Гала даже зажмурилась от удовольствия.

– Хорошо-то как! Я и не знала вовсе, что так бывает, то есть, что так мало надо, чтобы было так хорошо.

Алаг заулыбался. Вдруг девушка быстро вскочила на ноги и, спотыкаясь, попятилась назад. Глаза ее были полны страха и отчаяния.

– Стой, Клов! – резко скомандовал Алаг. – Это свои, понял?

Серый хищник, насытившись одиночеством, решил было вернуться в общество своего хозяина, но встретив на своем пути чужака, принял свирепый вид и обнажил крепкие острые клыки.
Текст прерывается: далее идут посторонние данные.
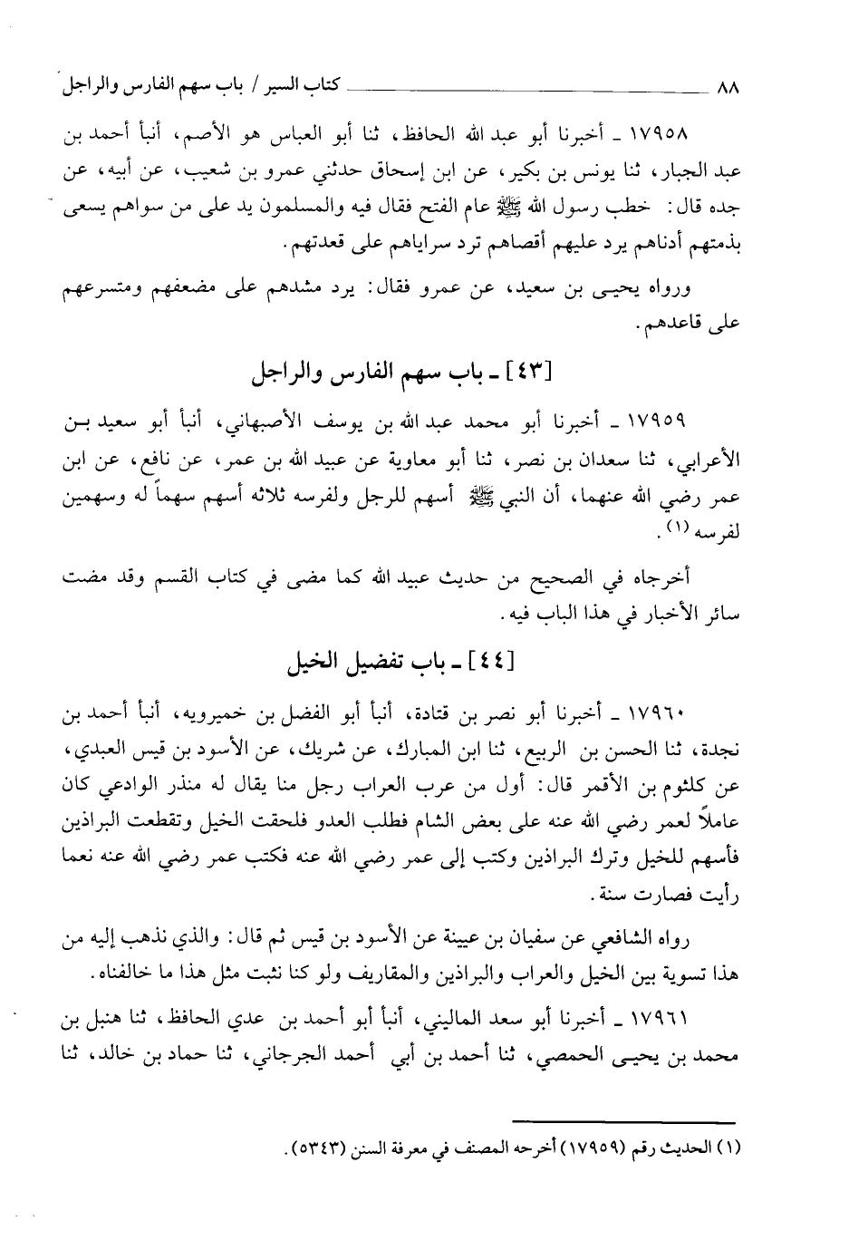 17959 - أَخْبَرَنَا أَبُو مُحَمَّدٍ عَبْدُ اللهِ بْنُ يُوسُفَ الْأَصْبَهَانِيُّ، أنبأ أَبُو سَعِيدِ بْنُ الْأَعْرَابِيِّ، ثنا سَعْدَانُ بْنُ نَصْرٍ، ثنا أَبُو مُعَاوِيَةَ، عَنْ عُبَيْدِ اللهِ بْنِ عُمَرَ، عَنْ نَافِعٍ، عَنِ ابْنِ عُمَرَ رَضِيَ اللهُ عَنْهُمَا، أَنَّ النَّبِيَّ صَلَّى اللهُ عَلَيْهِ وَسَلَّمَ" §أَسْهَمَ لِلرَّجُلِ وَلِفَرَسِهِ ثَلَاثَةَ أَسْهُمٍ: سَهْمًا لَهُ، وَسَهْمَيْنِ لِفَرَسِهِ". أَخْرَجَاهُ فِي الصَّحِيحِ مِنْ حَدِيثِ عُبَيْدِ اللهِ كَمَا مَضَى فِي كِتَابِ الْقَسْمِ، وَقَدْ مَضَتْ سَائِرُ الْأَخْبَارِ فِي هَذَا الْبَابِ فِيهِ

Видно, волчий дух был в нем сильнее короткой волчьей памяти. Голос хозяина заставил его застыть на месте. Однако Гала все еще дрожала и не могла поверить в перемену нрава дикого животного.
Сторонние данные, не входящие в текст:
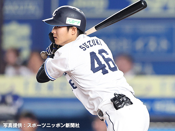 8番 鈴木 中安 ランナー2塁 159キロの低めのストレートをセンターへタイムリーヒット! 2塁 ロ2-1西 ![]() 2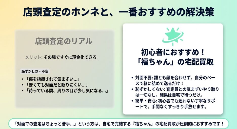 店頭査定のメリットと恥ずかしさ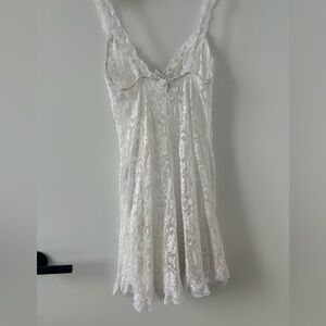 Vintage Secret Treasures White Lace Sheer Ruffle Mini Nightie Lingerie Dress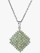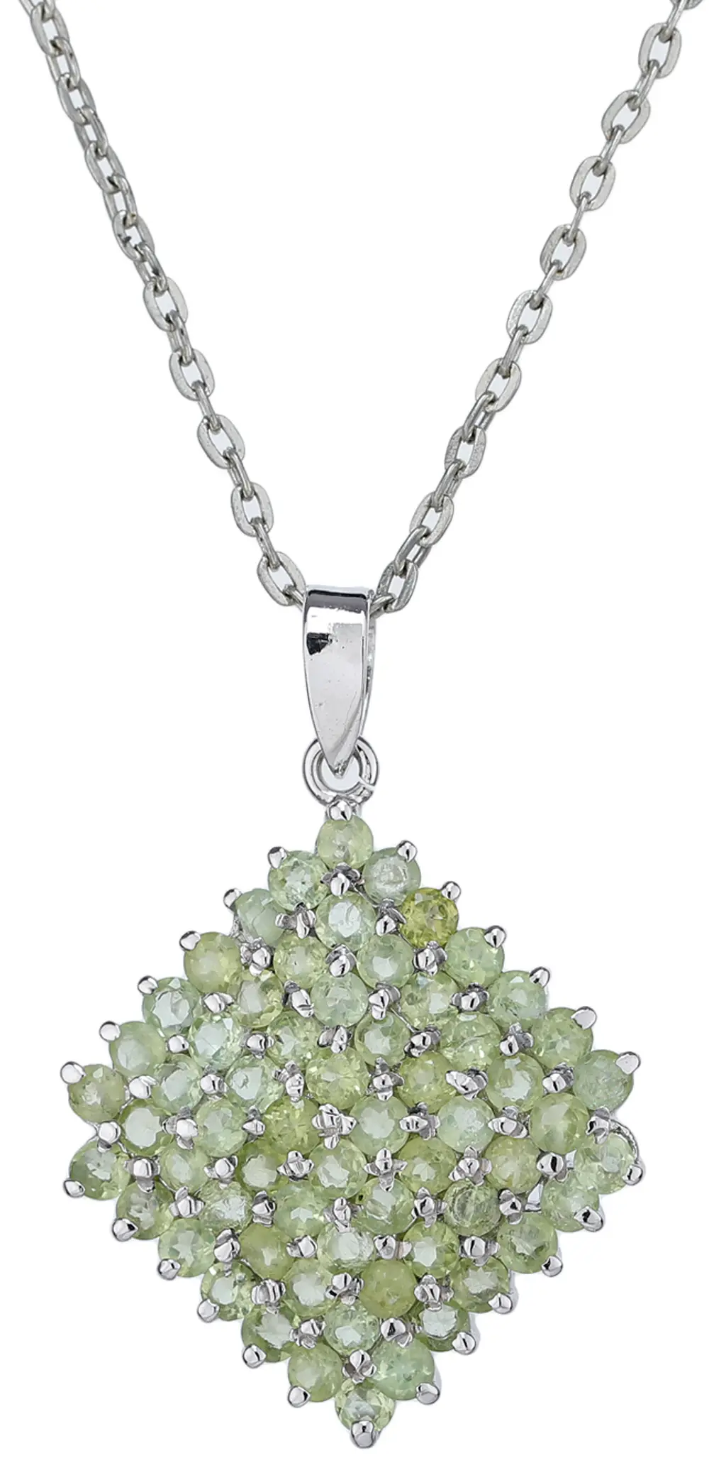 At the heart of this pendant lies a generous cluster of finely cut peridot gemstones. Known for their distinctive lime-green hue, peridots evoke the freshness of spring meadows and the vitality of new growth. The stones are arranged in a masterful mosaic, forming a geometric pattern that draws the eye and creates a sense of depth and dimension. The varying shades of green within the cluster add a subtle complexity, highlighting the unique character of each individual peridot. The way the light dances across the many facets of these stones creates a mesmerizing sparkle that is truly enchanting. This piece is a testament to the beauty and allure of peridot, offering a touch of natural elegance to your style.

– Не бойся, он с тобой должен подружиться. Дай ему свою лапу, тьфу ты, руку.

Гала не шевелилась, а волк, улегшись на серое брюхо, пополз к ее ногам и осторожно положил на них свою добрую волчью пасть, как бы прося прощения за свою невольную свирепость.

– Вот и подружились, – весело заключил Алаг. – Гала и Клов будут жить только в мире.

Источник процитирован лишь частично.